EXERCISE OBJECTIVE:
Everything in the data below is left aside except the lines from the one containing "ミッション 排気量 |" through the one containing "지난 12일 청와대 국민청원"; repeat those exactly.

THE DATA:
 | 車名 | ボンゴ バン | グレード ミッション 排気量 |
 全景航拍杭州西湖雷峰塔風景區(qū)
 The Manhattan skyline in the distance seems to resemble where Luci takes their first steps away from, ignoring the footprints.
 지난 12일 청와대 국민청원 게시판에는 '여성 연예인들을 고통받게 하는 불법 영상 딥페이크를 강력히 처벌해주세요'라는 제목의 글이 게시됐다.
==
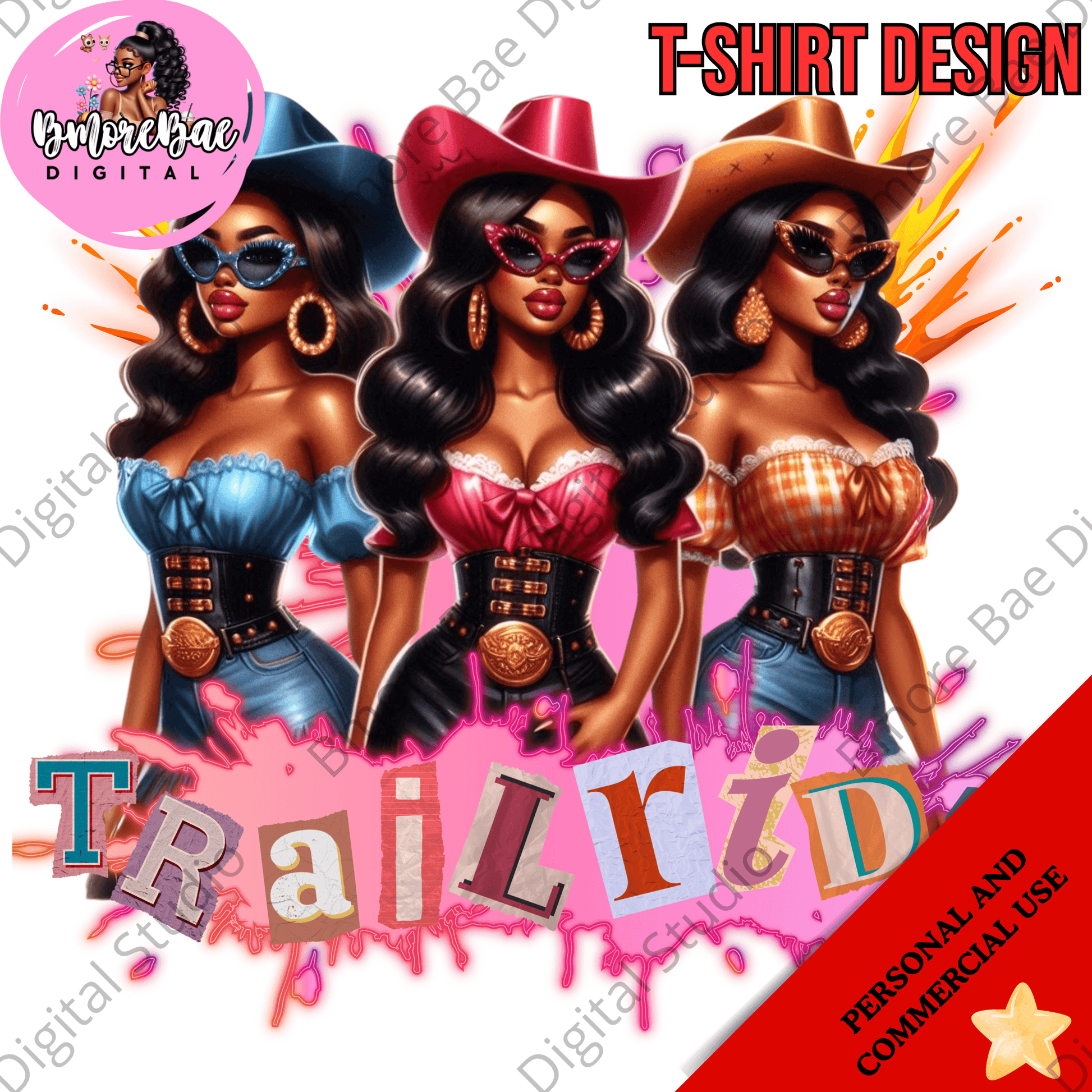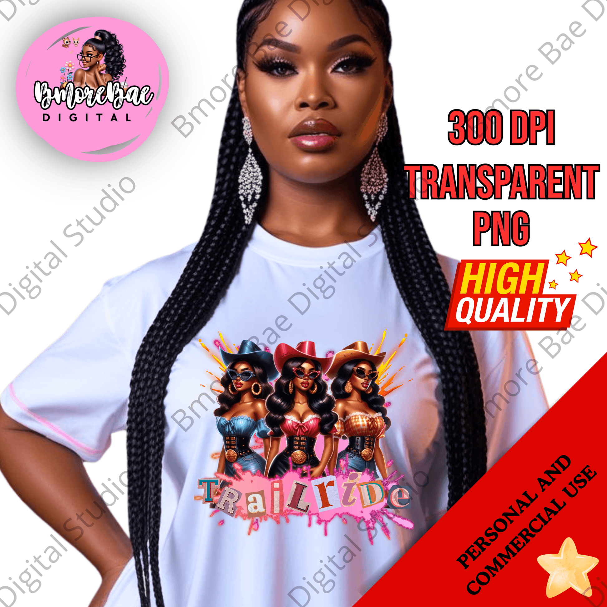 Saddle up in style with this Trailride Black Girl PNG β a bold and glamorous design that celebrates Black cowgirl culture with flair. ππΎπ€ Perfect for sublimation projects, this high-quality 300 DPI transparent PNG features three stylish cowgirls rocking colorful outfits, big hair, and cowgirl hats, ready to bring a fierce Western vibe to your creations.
==
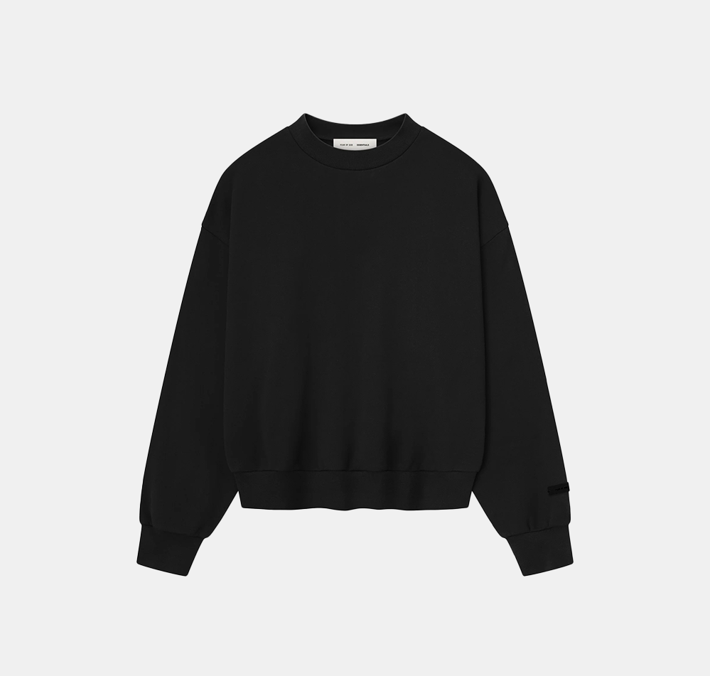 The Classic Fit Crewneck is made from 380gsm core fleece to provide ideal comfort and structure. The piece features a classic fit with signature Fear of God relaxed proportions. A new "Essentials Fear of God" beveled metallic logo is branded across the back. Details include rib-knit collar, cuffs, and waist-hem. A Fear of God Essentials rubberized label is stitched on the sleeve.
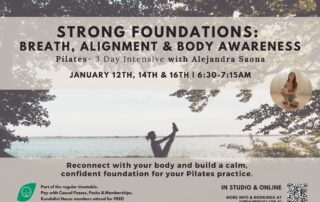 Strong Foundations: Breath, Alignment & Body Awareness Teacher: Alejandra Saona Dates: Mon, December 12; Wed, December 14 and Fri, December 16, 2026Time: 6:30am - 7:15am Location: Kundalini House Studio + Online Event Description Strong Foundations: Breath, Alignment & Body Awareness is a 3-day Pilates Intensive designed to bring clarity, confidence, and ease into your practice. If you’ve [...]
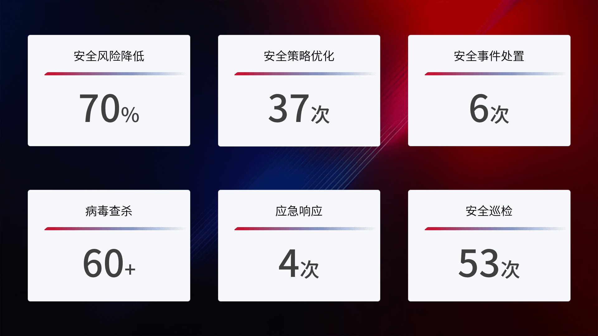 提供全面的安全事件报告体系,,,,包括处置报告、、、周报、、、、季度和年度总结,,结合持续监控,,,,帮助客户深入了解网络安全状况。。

EXERCISE RESPONSE:
 | 車名 | ボンゴ バン | グレード ミッション 排気量 |
 全景航拍杭州西湖雷峰塔風景區(qū)
 The Manhattan skyline in the distance seems to resemble where Luci takes their first steps away from, ignoring the footprints.
 지난 12일 청와대 국민청원 게시판에는 '여성 연예인들을 고통받게 하는 불법 영상 딥페이크를 강력히 처벌해주세요'라는 제목의 글이 게시됐다.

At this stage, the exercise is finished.